Jun 28 10:57:01 sqazero01 kernel: CMAN <CVS> (built Jun 10 2006 03:13:36) 
installed
Jun 28 10:57:01 sqazero01 kernel: NET: Registered protocol family 30
Jun 28 10:57:02 sqazero01 kernel: CMAN: Waiting to join or form a Linux-cluster
Jun 28 10:57:18 sqazero01 fstab-sync[6351]: added mount point /media/cdrom 
for /dev/hdc
Jun 28 10:57:31 sqazero01 hald[24459]: Timed out waiting for hotplug event 
2601. Rebasing to 2464
Jun 28 10:57:34 sqazero01 kernel: CMAN: forming a new cluster
Jun 28 10:58:30 sqazero01 kernel: CMAN: quorum regained, resuming activity
Jun 28 10:58:30 sqazero01 kernel: DLM <CVS> (built Jun 10 2006 03:13:46) 
installed
Jun 28 10:58:30 sqazero01 kernel: DLM Opaque Thread started
Jun 28 10:58:30 sqazero01 cman: startup succeeded
Jun 28 10:58:31 sqazero01 hald[24459]: Timed out waiting for hotplug event 
2465. Rebasing to 2601
Jun 28 10:58:36 sqazero01 clvmd: Cluster LVM daemon started - connected to CMAN
Jun 28 10:58:49 sqazero01 ntpd[24318]: synchronized to 10.250.0.9, stratum 2
Jun 28 10:58:49 sqazero01 ntpd[24318]: kernel time sync disabled 0041
Jun 28 10:58:50 sqazero01 kernel: Lock_Harness <CVS> (built Jun 10 2006 
03:04:32) installed
Jun 28 10:58:50 sqazero01 kernel: GFS <CVS> (built Jun 10 2006 03:04:18) 
installed
Jun 28 10:58:50 sqazero01 kernel: GFS: Trying to join 
cluster "lock_dlm", "sqazero:crosswalk"
Jun 28 10:58:50 sqazero01 kernel: Lock_DLM (built Jun 10 2006 03:04:25) 
installed
Jun 28 10:58:50 sqazero01 kernel: lock_dlm: fence domain not found; check 
fenced
Jun 28 10:58:50 sqazero01 kernel: GFS: can't mount proto = lock_dlm, table = 
sqazero:crosswalk, hostdata =
Jun 28 10:58:56 sqazero01 kernel: GFS: Trying to join 
cluster "lock_dlm", "sqazero:crosswalk"
Jun 28 10:58:56 sqazero01 kernel: lock_dlm: fence domain not found; check 
fenced
Jun 28 10:58:56 sqazero01 kernel: GFS: can't mount proto = lock_dlm, table = 
sqazero:crosswalk, hostdata =

Comment 3 David Teigland 2006-06-29 16:17:39 UTC

- Do you have post_join_delay set in cluster.conf?  If so what is that
value?

- Could you collect the output of cman_tool services before and after the
gfs mount that fails?  Preferably from all the nodes in the cluster.
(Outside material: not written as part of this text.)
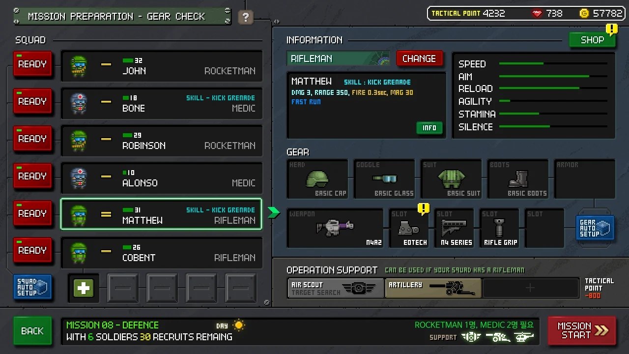 使用Rifleman,Rocketman,Sniper,Medic,Specialist,Sapper组成的6个类进行各种游戏。

- The output of fenced -D may also be useful to see.

Comment 4 Henry Harris 2006-06-29 19:05:24 UTC

post_join_delay is set to 180.  Where can I find the output of fenced -D?  
I'll collect the cman_tool services output when I have access to the system 
again.

Comment 5 David Teigland 2006-06-29 19:14:40 UTC

A post_join_delay of 180 means that fenced will delay 3 minutes
before fencing the 4'th non-member node at startup time.  Any
gfs mount attempts in this time will fail like you're seeing.
If you don't want the gfs mount failures, you'll need to wait
for this fenced startup before attempting the mounts.  I'm
guessing that this fully explains what you're seeing.

You'd have to redirect the output of fenced -D to some file
if you want to save it.

Comment 6 Kiersten (Kerri) Anderson 2006-09-22 19:12:43 UTC

Any update on this one?

Comment 7 Henry Harris 2006-09-22 19:16:28 UTC

Haven't seen this problem in a long time.  Feel free to close as invalid.